__Work task__.
With pictures left out, only the lines from the one containing "10月27日,新寶股份發(f" through the end of the records should be reproduced exactly, please.

━━ Data ━━

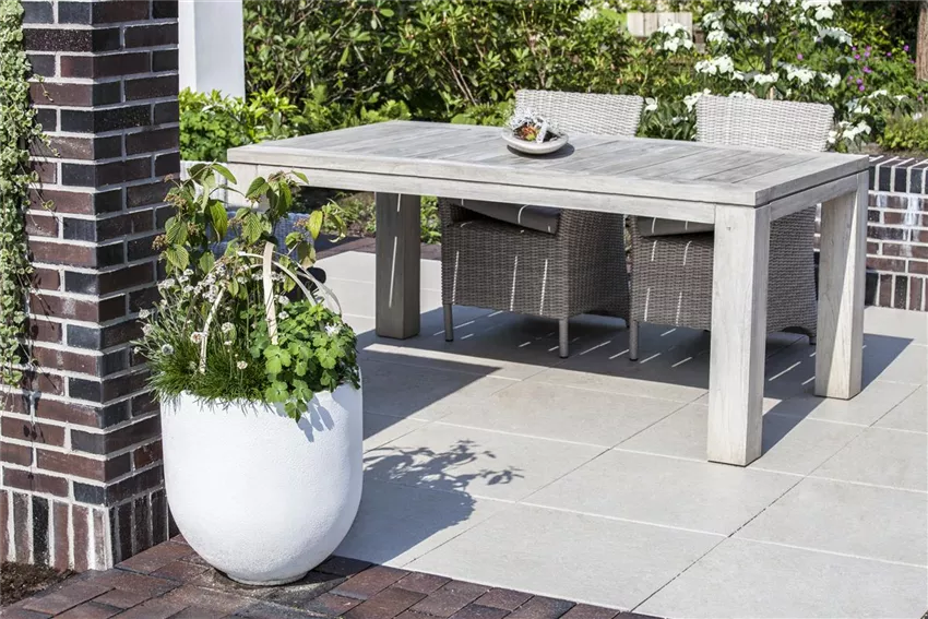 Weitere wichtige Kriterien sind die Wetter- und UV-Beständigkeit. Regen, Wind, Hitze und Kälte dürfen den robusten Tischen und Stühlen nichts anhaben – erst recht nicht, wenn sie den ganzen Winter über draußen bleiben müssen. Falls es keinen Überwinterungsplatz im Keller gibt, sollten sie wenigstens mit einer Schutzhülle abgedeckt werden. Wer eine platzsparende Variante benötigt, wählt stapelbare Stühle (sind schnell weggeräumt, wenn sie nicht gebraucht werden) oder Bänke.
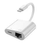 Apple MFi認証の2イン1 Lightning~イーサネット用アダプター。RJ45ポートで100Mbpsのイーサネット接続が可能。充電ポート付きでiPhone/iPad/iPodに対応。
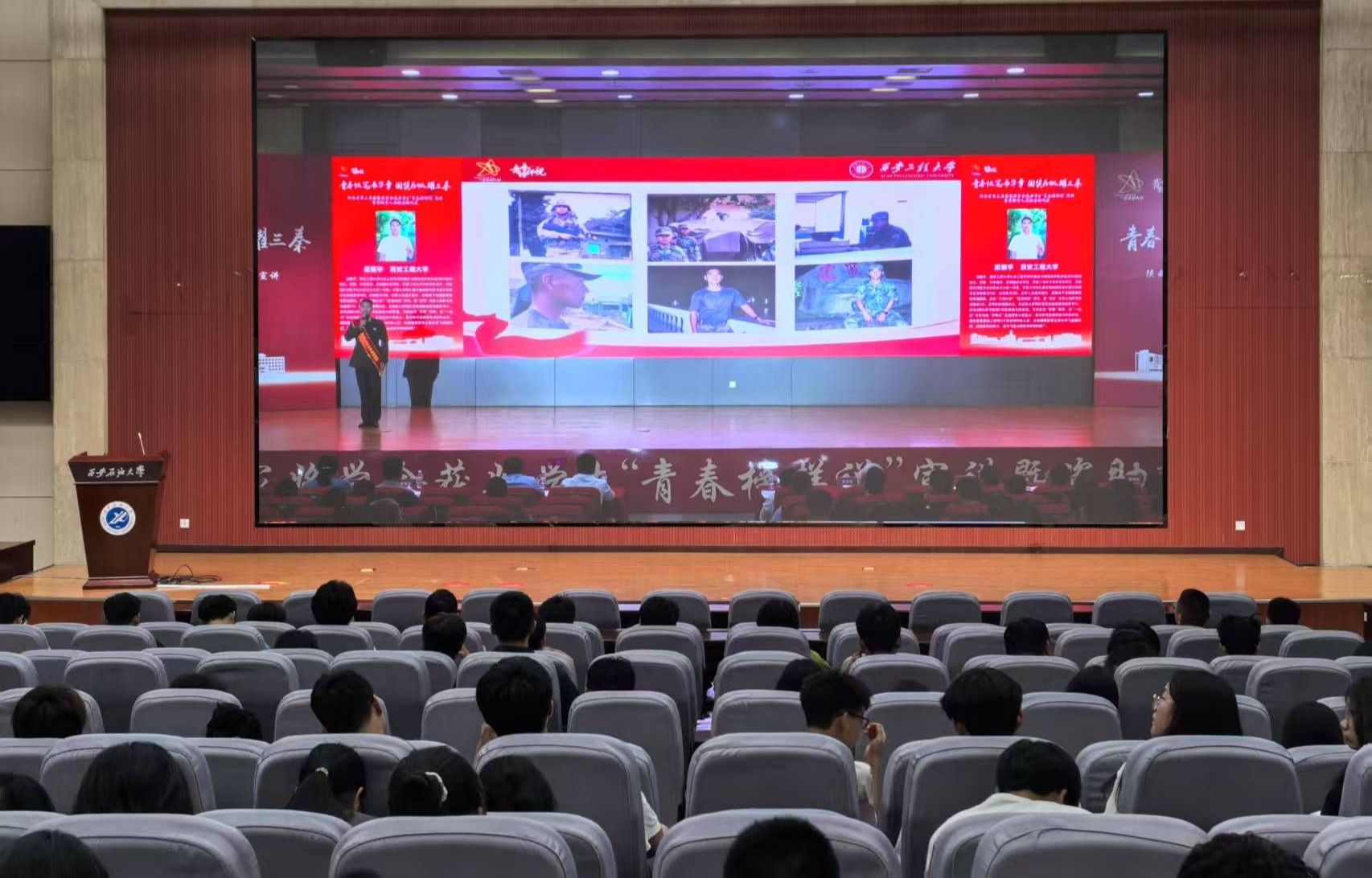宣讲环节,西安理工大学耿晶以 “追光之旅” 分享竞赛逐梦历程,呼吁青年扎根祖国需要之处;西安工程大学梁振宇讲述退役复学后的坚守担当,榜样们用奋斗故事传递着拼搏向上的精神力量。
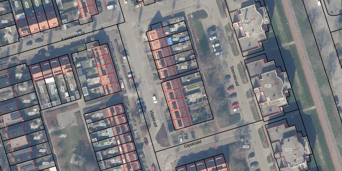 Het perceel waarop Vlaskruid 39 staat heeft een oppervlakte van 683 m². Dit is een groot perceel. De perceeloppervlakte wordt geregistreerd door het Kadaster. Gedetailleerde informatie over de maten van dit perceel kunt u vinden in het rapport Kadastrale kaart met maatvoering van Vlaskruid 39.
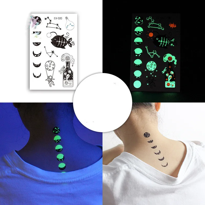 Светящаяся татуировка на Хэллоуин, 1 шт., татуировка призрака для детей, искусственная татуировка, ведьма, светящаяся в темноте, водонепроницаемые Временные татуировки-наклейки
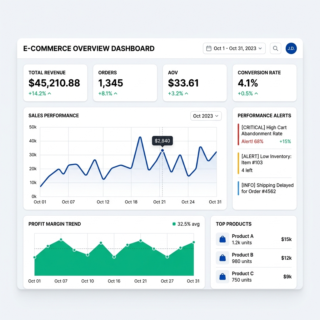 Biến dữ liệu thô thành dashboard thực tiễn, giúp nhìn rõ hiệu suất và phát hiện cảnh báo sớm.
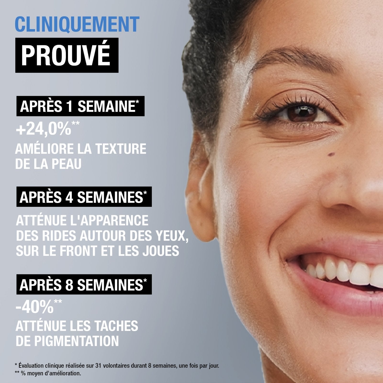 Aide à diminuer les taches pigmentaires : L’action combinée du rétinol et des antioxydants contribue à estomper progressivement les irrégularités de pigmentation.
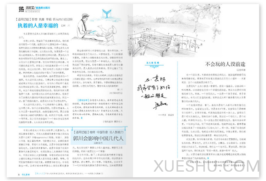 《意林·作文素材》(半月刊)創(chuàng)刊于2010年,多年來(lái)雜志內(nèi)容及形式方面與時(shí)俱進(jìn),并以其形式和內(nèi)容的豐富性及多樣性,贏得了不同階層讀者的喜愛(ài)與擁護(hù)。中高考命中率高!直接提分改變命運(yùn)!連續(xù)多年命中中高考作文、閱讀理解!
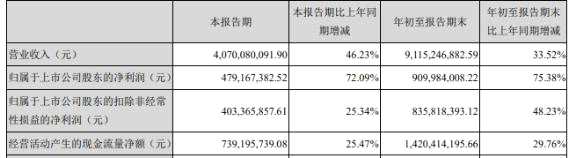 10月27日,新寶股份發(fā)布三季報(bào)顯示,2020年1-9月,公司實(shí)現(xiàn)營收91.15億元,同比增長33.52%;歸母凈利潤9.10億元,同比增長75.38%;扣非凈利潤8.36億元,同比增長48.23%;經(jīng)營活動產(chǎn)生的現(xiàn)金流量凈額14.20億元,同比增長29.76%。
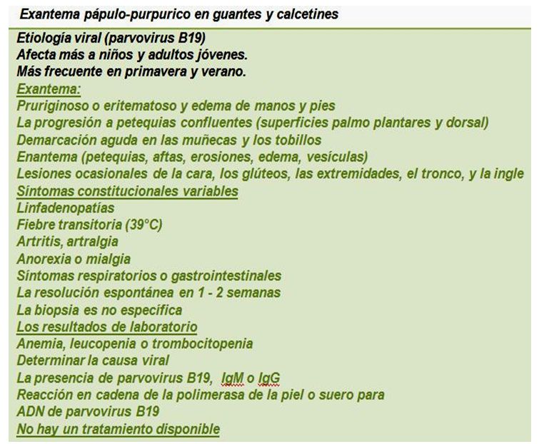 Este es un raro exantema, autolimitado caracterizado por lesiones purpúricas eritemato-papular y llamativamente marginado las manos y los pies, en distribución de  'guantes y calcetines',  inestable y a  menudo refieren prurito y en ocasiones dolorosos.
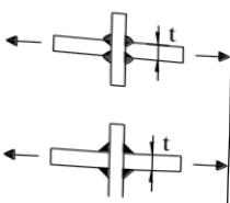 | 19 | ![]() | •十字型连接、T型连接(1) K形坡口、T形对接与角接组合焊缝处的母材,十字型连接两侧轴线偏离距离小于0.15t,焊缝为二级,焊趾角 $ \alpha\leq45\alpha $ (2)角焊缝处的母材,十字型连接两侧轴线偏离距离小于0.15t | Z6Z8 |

━━━

__Answer to the exercise__.
 10月27日,新寶股份發(fā)布三季報(bào)顯示,2020年1-9月,公司實(shí)現(xiàn)營收91.15億元,同比增長33.52%;歸母凈利潤9.10億元,同比增長75.38%;扣非凈利潤8.36億元,同比增長48.23%;經(jīng)營活動產(chǎn)生的現(xiàn)金流量凈額14.20億元,同比增長29.76%。
 Este es un raro exantema, autolimitado caracterizado por lesiones purpúricas eritemato-papular y llamativamente marginado las manos y los pies, en distribución de  'guantes y calcetines',  inestable y a  menudo refieren prurito y en ocasiones dolorosos.
 | 19 | ![]() | •十字型连接、T型连接(1) K形坡口、T形对接与角接组合焊缝处的母材,十字型连接两侧轴线偏离距离小于0.15t,焊缝为二级,焊趾角 $ \alpha\leq45\alpha $ (2)角焊缝处的母材,十字型连接两侧轴线偏离距离小于0.15t | Z6Z8 |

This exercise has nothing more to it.